Note that the Qwen distills should get better generally with https://github.com/ggerganov/llama.cpp/pull/11607 (although no changes related to grammar), and another possible thing might be the double bos situation (addressing in https://github.com/ggerganov/llama.cpp/pull/11616 ). Hope to circle back to this in a couple of days.
right on. For what it's worth, I tried again with lazy grammar with Mistral-Small-24B-Instruct-2501. Gave it a prompt to include its thinking to force the issue. Same thing, output its thinking, got to the </think> and blew up on the assert when it came time to do the grammar.
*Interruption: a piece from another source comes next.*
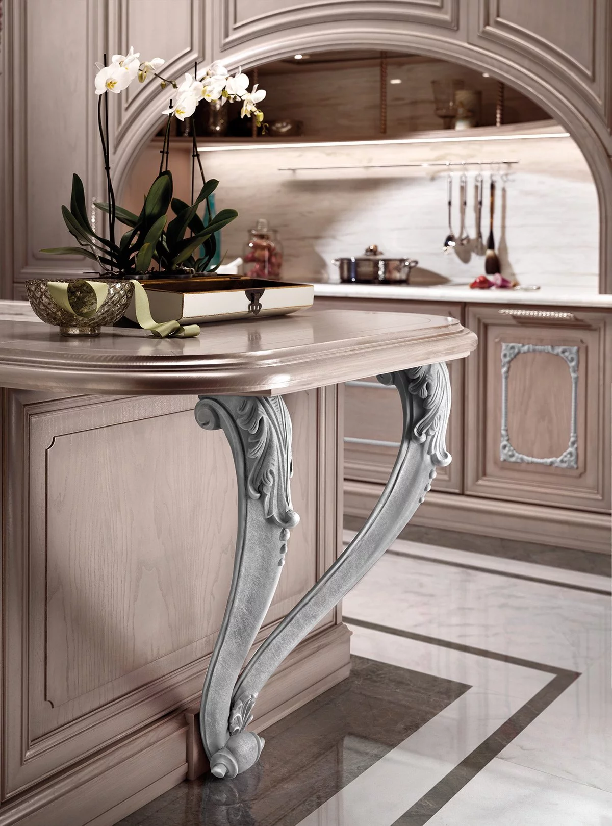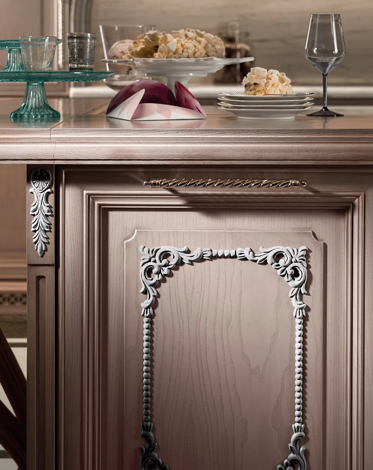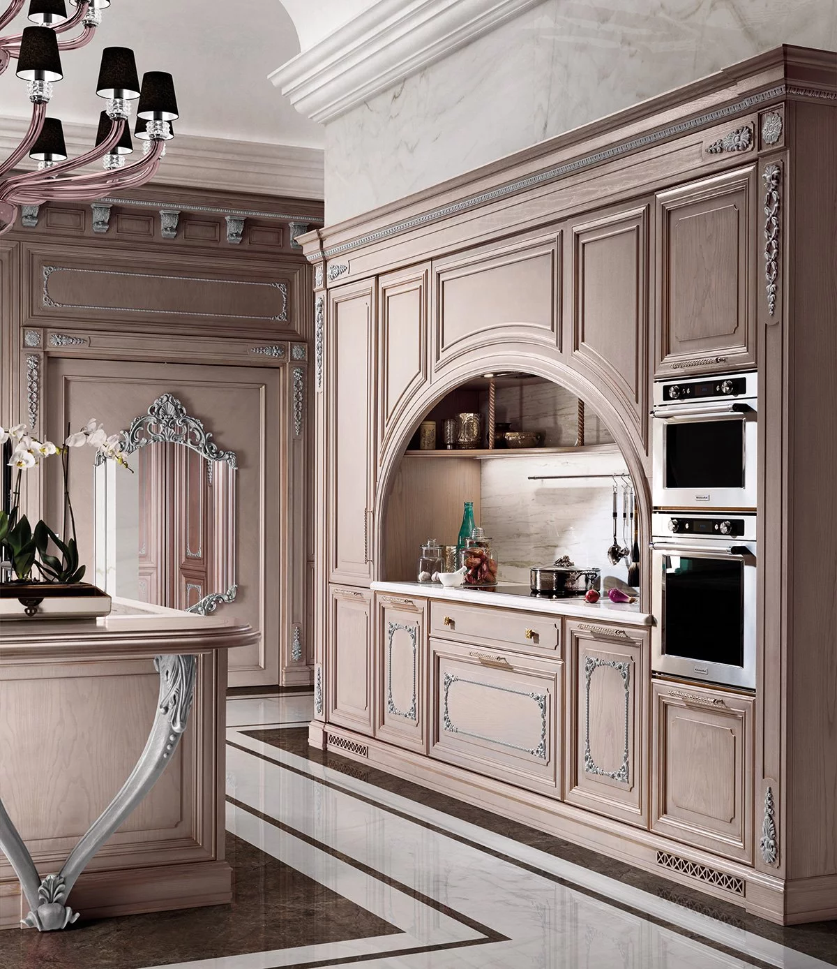 Уникальная кухня Regina от фабрики Prestige придётся по вкусу романтическим натурам. Королевская «классика», выполненная в оттенке розового золота, украшена многочисленной лепниной античного стиля. Это изделие обязательно станет центром притяжения любого домашнего пространства, даря неповторимую атмосферу уюта, тепла и гармонии.

All this is on 4620 though. I'll try and reproduce with llama.cpp when I get a chance though. Don't want to be chasing ghosts already resolved because of that project lagging a bit.
Found at least one issue: if a token contains or completes a trigger and adds text that can't be parsed by the grammar, then kaboom (came up while testing upcoming changes that add even more triggers (ref); testing possible fixes).
In any case, the issue reported in this bug seems to work for me now, probably because of ~~https://github.com/ggerganov/llama.cpp/pull/11616~~ (edit) https://github.com/ggerganov/llama.cpp/pull/11607
Will close this as I can't repro the original issue, please feel free to open a new one if you still experience problems!